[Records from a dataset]
____________________
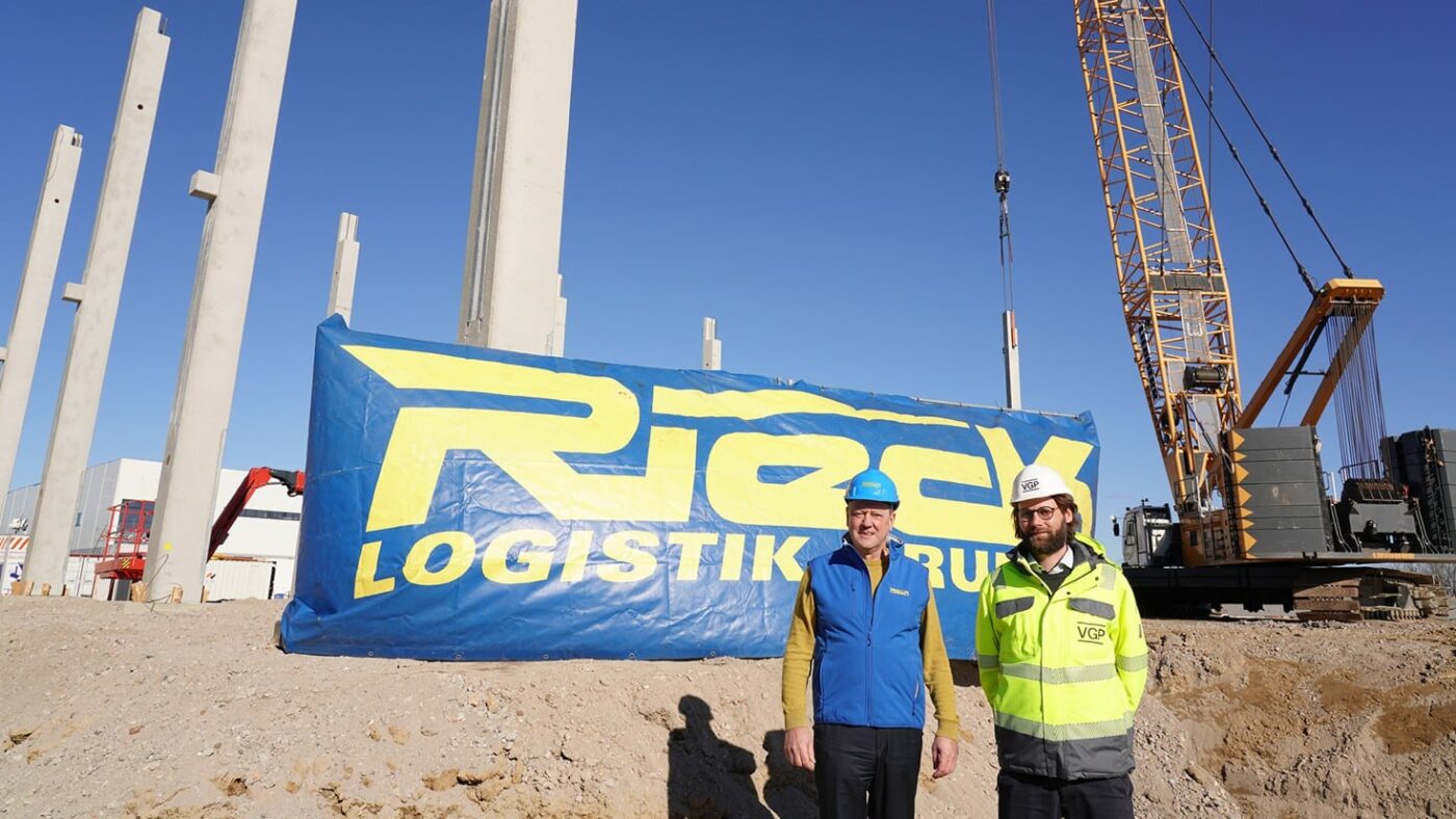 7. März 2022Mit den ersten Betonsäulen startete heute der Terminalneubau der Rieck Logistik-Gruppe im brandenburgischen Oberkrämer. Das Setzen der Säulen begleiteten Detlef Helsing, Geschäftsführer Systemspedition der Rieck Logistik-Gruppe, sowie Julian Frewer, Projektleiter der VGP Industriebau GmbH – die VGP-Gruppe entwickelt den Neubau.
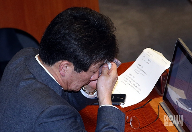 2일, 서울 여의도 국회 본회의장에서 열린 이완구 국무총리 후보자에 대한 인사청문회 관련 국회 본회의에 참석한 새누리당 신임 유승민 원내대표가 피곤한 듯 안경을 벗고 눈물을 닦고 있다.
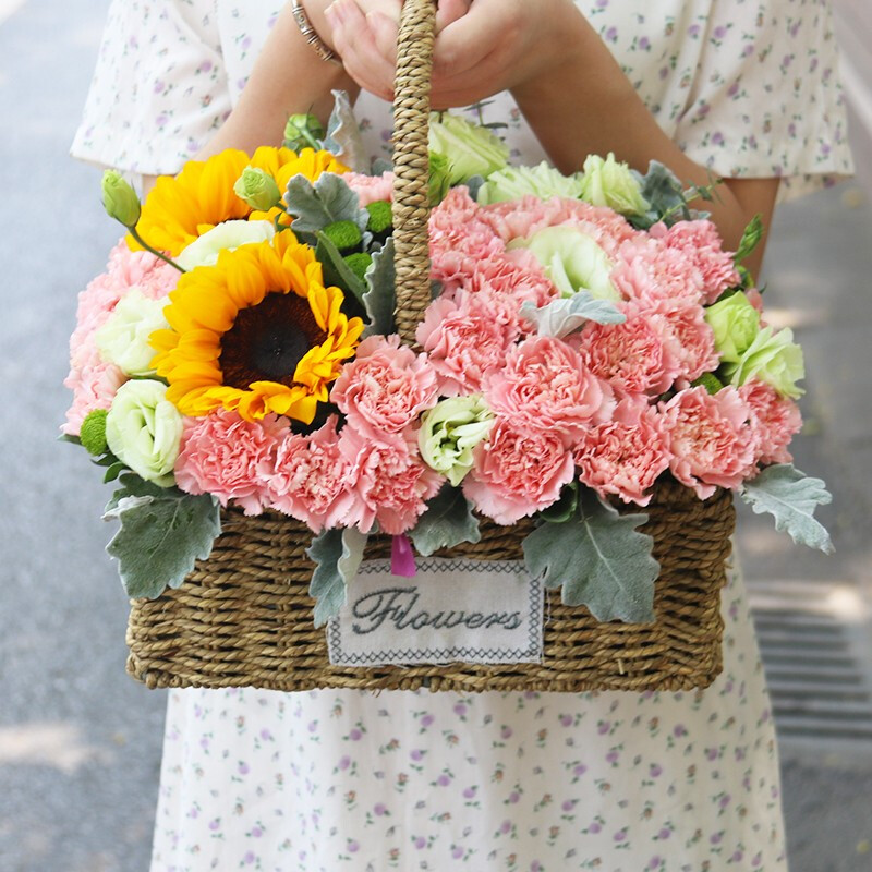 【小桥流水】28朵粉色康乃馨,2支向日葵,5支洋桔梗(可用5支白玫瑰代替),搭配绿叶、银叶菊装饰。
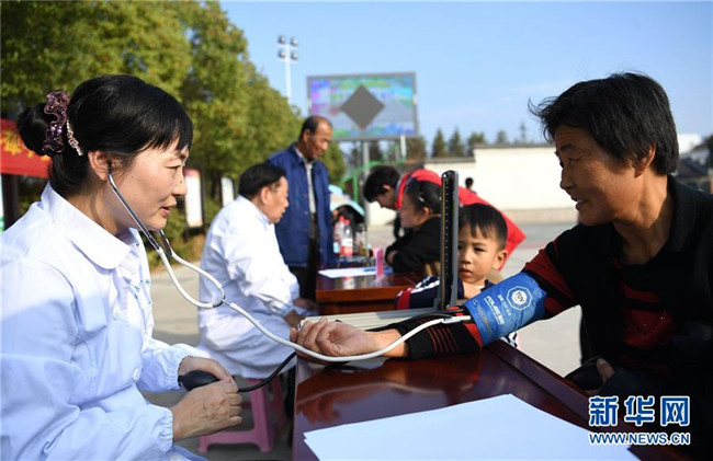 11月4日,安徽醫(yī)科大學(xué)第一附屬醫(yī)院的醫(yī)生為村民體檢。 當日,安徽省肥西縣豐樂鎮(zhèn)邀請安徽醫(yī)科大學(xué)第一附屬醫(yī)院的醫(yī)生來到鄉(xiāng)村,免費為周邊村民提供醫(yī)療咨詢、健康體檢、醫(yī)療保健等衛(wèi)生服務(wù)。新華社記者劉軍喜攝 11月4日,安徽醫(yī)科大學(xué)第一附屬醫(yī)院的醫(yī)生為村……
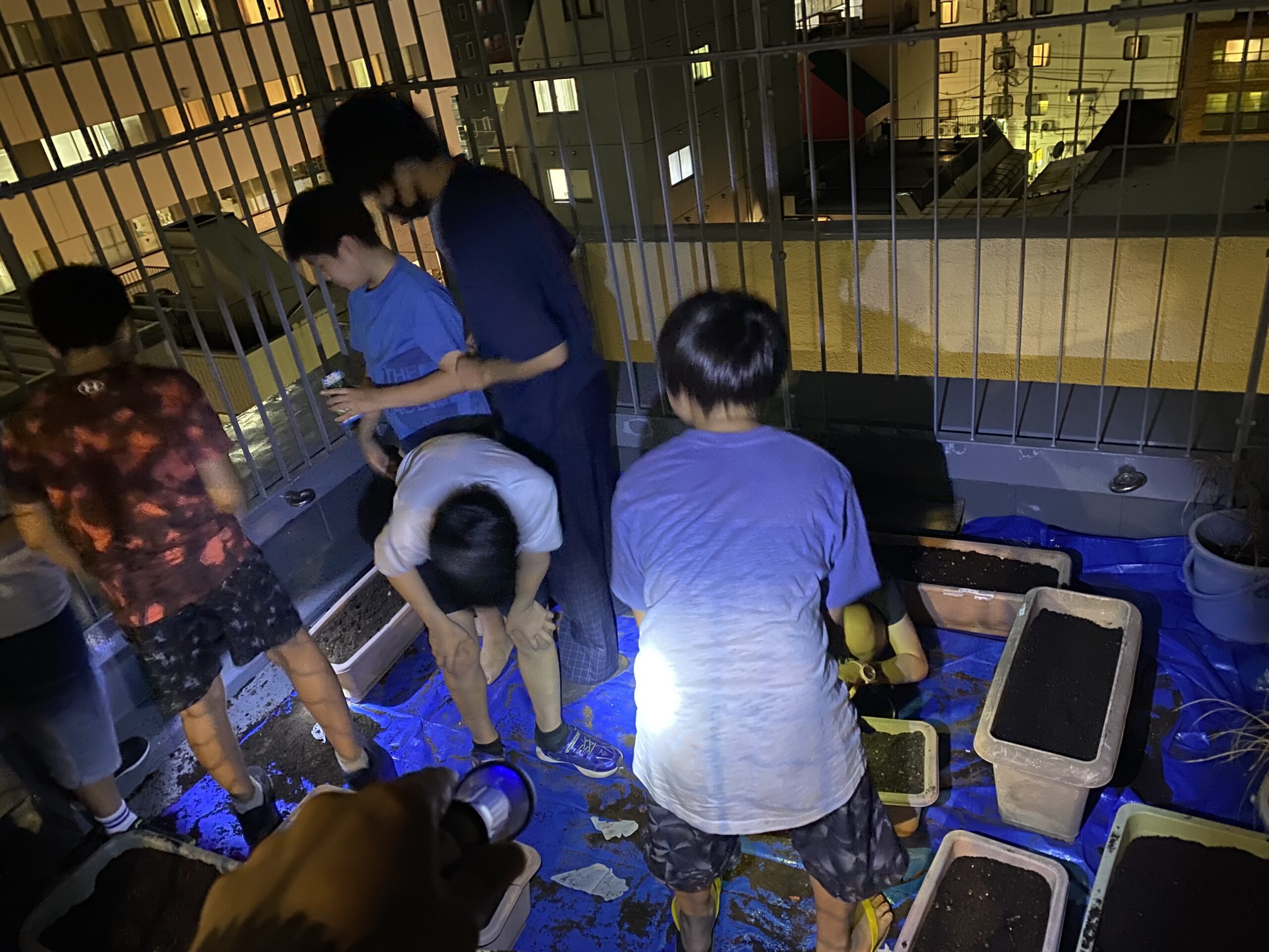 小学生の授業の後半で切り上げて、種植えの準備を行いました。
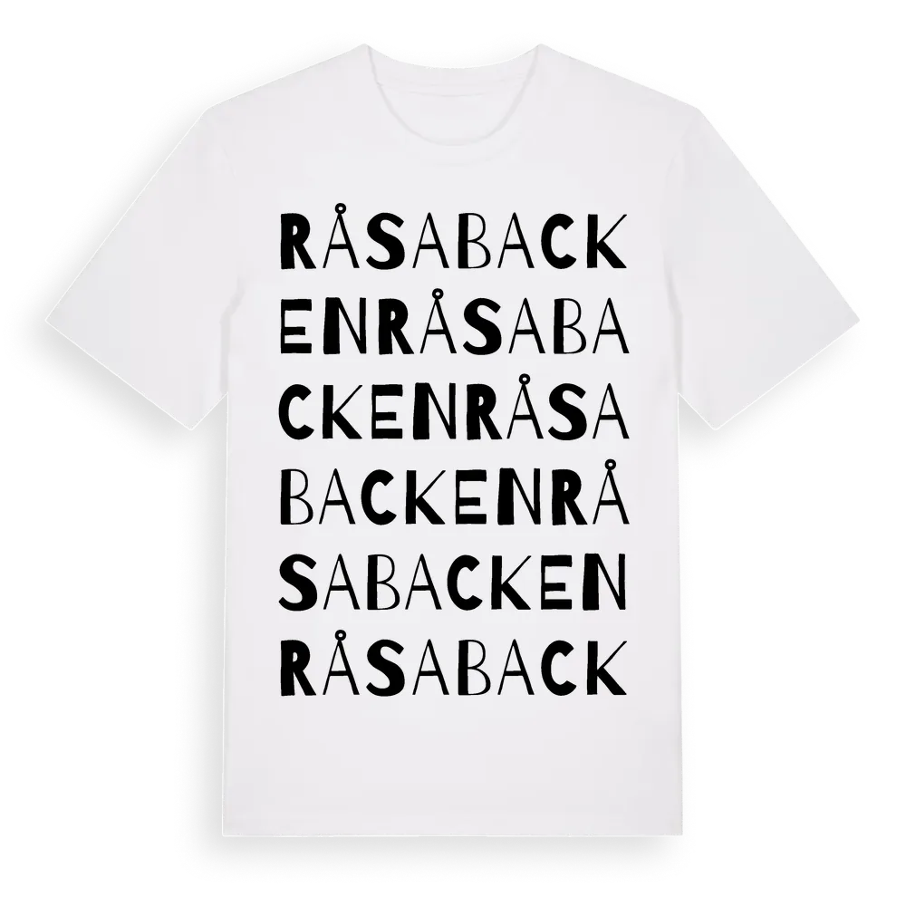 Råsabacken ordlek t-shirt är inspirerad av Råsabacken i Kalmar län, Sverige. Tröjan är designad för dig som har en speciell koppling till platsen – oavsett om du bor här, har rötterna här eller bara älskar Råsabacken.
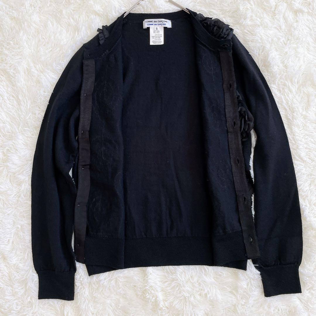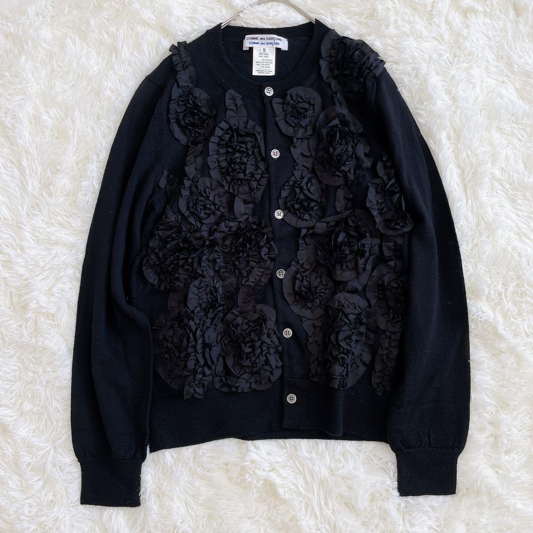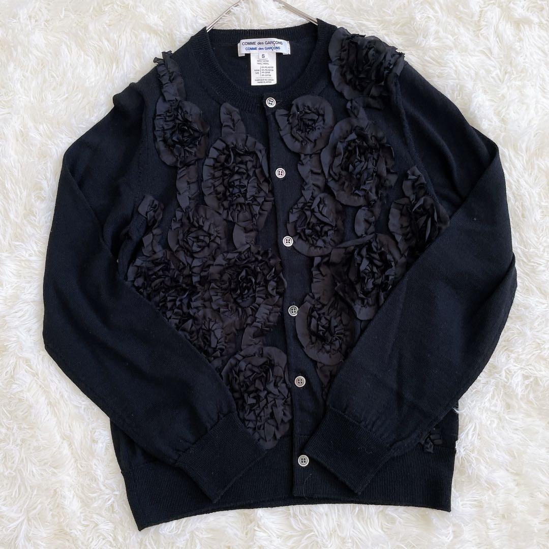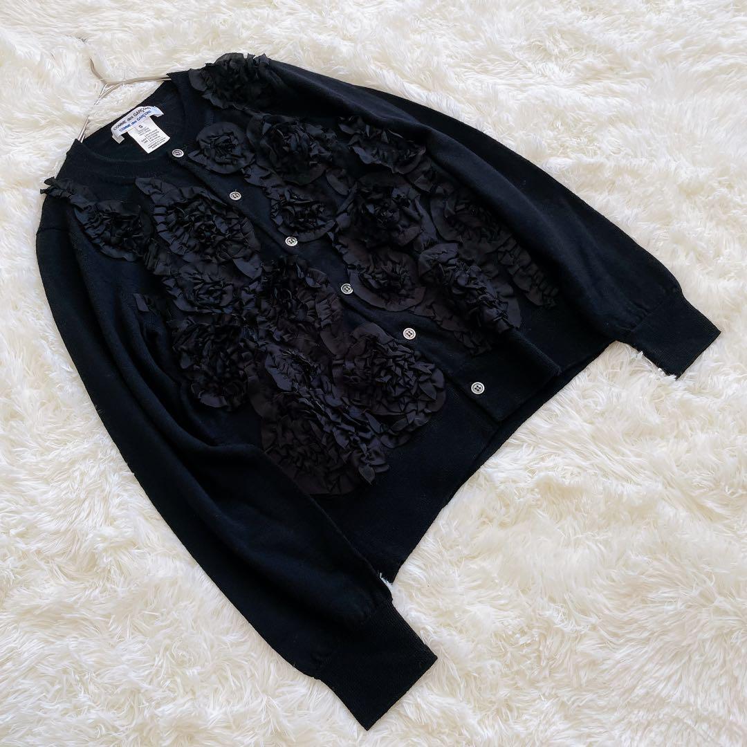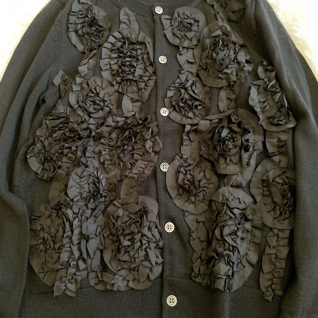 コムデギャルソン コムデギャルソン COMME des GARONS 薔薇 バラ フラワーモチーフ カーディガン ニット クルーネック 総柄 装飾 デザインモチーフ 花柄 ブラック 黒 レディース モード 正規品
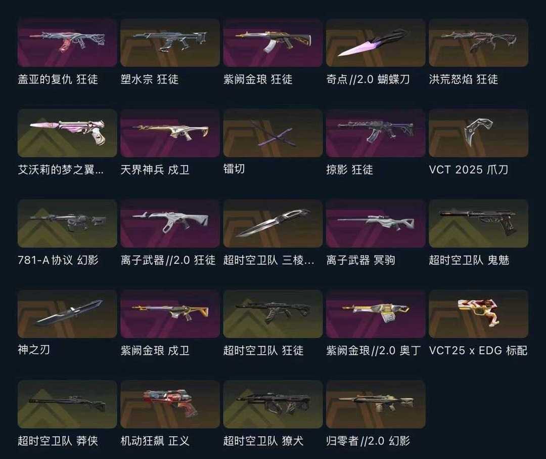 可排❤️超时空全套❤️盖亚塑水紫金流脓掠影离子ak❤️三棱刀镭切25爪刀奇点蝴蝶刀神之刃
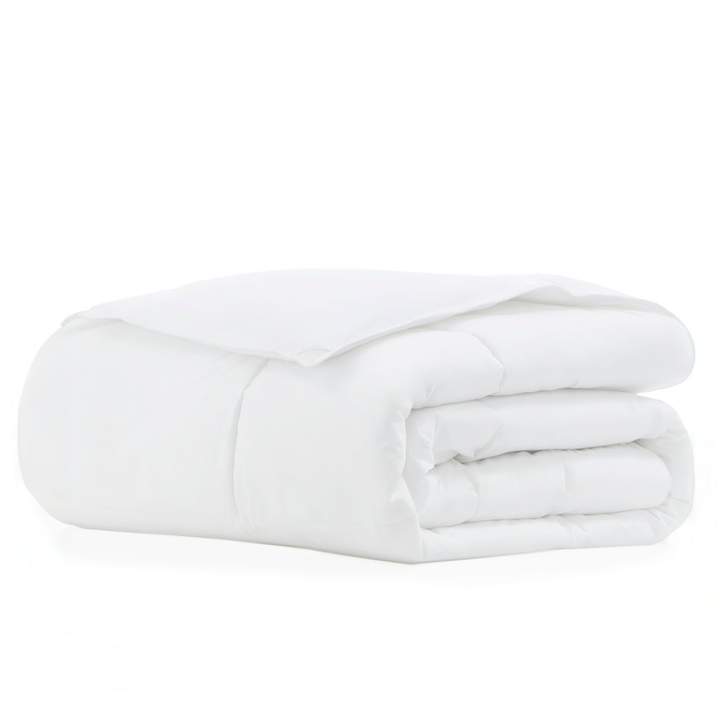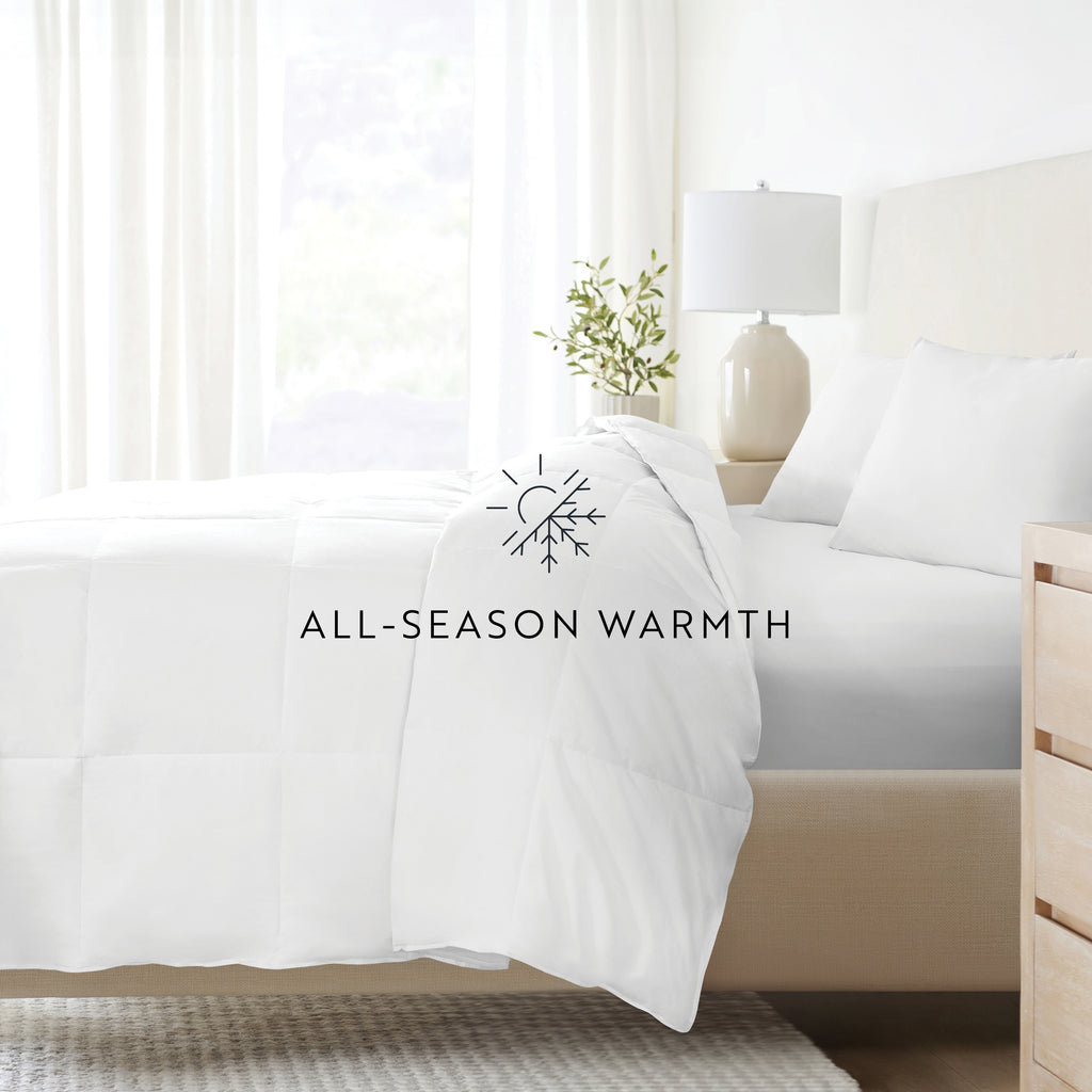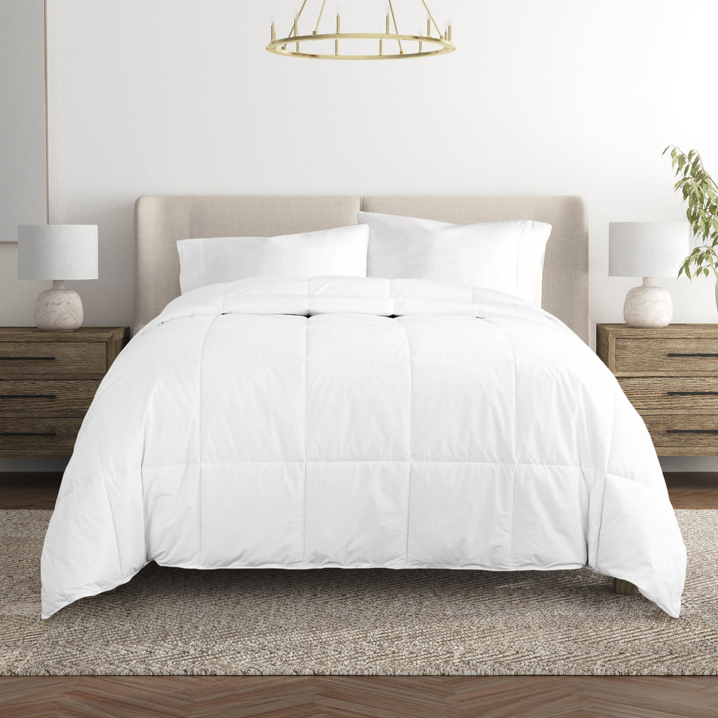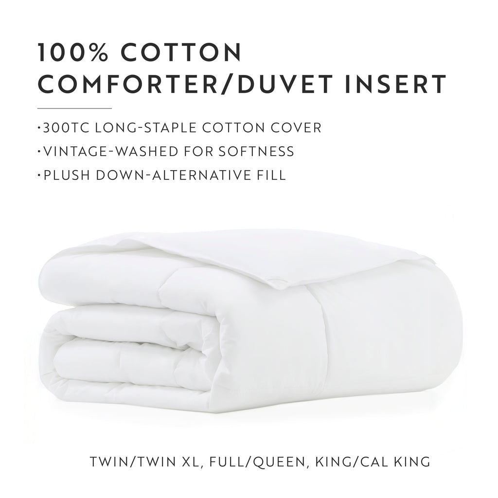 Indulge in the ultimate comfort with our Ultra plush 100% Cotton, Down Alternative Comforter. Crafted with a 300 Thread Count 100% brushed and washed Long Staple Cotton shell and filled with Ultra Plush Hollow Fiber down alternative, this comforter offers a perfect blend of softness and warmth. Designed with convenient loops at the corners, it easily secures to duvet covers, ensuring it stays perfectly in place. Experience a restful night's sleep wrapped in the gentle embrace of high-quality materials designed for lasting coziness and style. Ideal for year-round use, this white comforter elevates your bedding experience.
____________________
Task item. An exact copy of all entries is needed, with no pictures in it.

Answer for the task.
 7. März 2022Mit den ersten Betonsäulen startete heute der Terminalneubau der Rieck Logistik-Gruppe im brandenburgischen Oberkrämer. Das Setzen der Säulen begleiteten Detlef Helsing, Geschäftsführer Systemspedition der Rieck Logistik-Gruppe, sowie Julian Frewer, Projektleiter der VGP Industriebau GmbH – die VGP-Gruppe entwickelt den Neubau.
 2일, 서울 여의도 국회 본회의장에서 열린 이완구 국무총리 후보자에 대한 인사청문회 관련 국회 본회의에 참석한 새누리당 신임 유승민 원내대표가 피곤한 듯 안경을 벗고 눈물을 닦고 있다.
 【小桥流水】28朵粉色康乃馨,2支向日葵,5支洋桔梗(可用5支白玫瑰代替),搭配绿叶、银叶菊装饰。
 11月4日,安徽醫(yī)科大學(xué)第一附屬醫(yī)院的醫(yī)生為村民體檢。 當日,安徽省肥西縣豐樂鎮(zhèn)邀請安徽醫(yī)科大學(xué)第一附屬醫(yī)院的醫(yī)生來到鄉(xiāng)村,免費為周邊村民提供醫(yī)療咨詢、健康體檢、醫(yī)療保健等衛(wèi)生服務(wù)。新華社記者劉軍喜攝 11月4日,安徽醫(yī)科大學(xué)第一附屬醫(yī)院的醫(yī)生為村……
 小学生の授業の後半で切り上げて、種植えの準備を行いました。
 Råsabacken ordlek t-shirt är inspirerad av Råsabacken i Kalmar län, Sverige. Tröjan är designad för dig som har en speciell koppling till platsen – oavsett om du bor här, har rötterna här eller bara älskar Råsabacken.
 コムデギャルソン コムデギャルソン COMME des GARONS 薔薇 バラ フラワーモチーフ カーディガン ニット クルーネック 総柄 装飾 デザインモチーフ 花柄 ブラック 黒 レディース モード 正規品
 可排❤️超时空全套❤️盖亚塑水紫金流脓掠影离子ak❤️三棱刀镭切25爪刀奇点蝴蝶刀神之刃
 Indulge in the ultimate comfort with our Ultra plush 100% Cotton, Down Alternative Comforter. Crafted with a 300 Thread Count 100% brushed and washed Long Staple Cotton shell and filled with Ultra Plush Hollow Fiber down alternative, this comforter offers a perfect blend of softness and warmth. Designed with convenient loops at the corners, it easily secures to duvet covers, ensuring it stays perfectly in place. Experience a restful night's sleep wrapped in the gentle embrace of high-quality materials designed for lasting coziness and style. Ideal for year-round use, this white comforter elevates your bedding experience.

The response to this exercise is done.